Explore Silent Sands
Sometimes it’s easy to avoid the crowds: Just head the other direction. In the sand dune country around Mesquite Flat, north of Stovepipe Wells, most hikers march like ants to the area’s high point, an unnamed 100-foot-high dune. Instead of joining the parade, head cross-country from CA 190 to the dune field’s empty east or west ends, tucked into the base of the valley wall. Here, the only tracks disturbing the wind-sculpted sand belong to kangaroo rats, kit foxes, and horned rattlers. Mornings and evenings (when the wind dies down) are the best times to chart your own easy course in the trailless sand; in summer, avoid the dunes’ sole-melting heat (it can be 100°F at 8 a.m.) by striking out during a full moon.

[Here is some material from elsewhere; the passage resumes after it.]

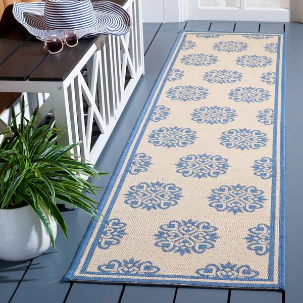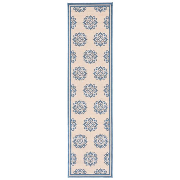 Linden Blue/Cream 2 ft. x 8 ft. Border Multi-Florals Indoor/Outdoor Runner Rug

Hike the Valley’s Badlands
Desert wildflowers come and go in early spring (call the hotline below to catch them), but badlands are forever. Actually, badlands is an insult to Death Valley’s colorful, wildly shaped landscape of sand, clay, and rock. The five-mile Golden Canyon/Gower Gulch Loop (park two miles south of Furnace Creek) winds through rippled sandstone walls formed 10 million years ago, when shallow lakes covered the region. Take the half-mile detour to Red Cathedral’s crimson cliffs, then resume the loop to the base of Manly Beacon, a rocky perch in the center of dusky folds undulating out in every direction. Return via Gower Gulch, slicing through the Artist’s Palette formation of pink, red, green, and blue.
Escape to High, Cool Peaks
In midsummer, when the valley floor sizzles at 120°F, Death Valley’s summits average 40 degrees cooler. Scale the Panamint Mountains’ 9,064-foot Wildrose Peak, where the view encompasses the Lower 48’s highest and lowest points (14,505-foot Mt. Whitney and minus-282-foot Badwater Basin, respectively). The 8.4-mile round-trip begins at Wildrose Campground. The first mile traces an old roadbed through piñon-juniper forest, then scales an open ridgeline for 2.2 miles. The 2,200-foot climb tops out on a rocky grandstand overlooking immense plains framed by spiky mountain ranges. Hike up high in early spring, and you’ll get a bird’s-eye view of hundreds of square miles of wildflowers.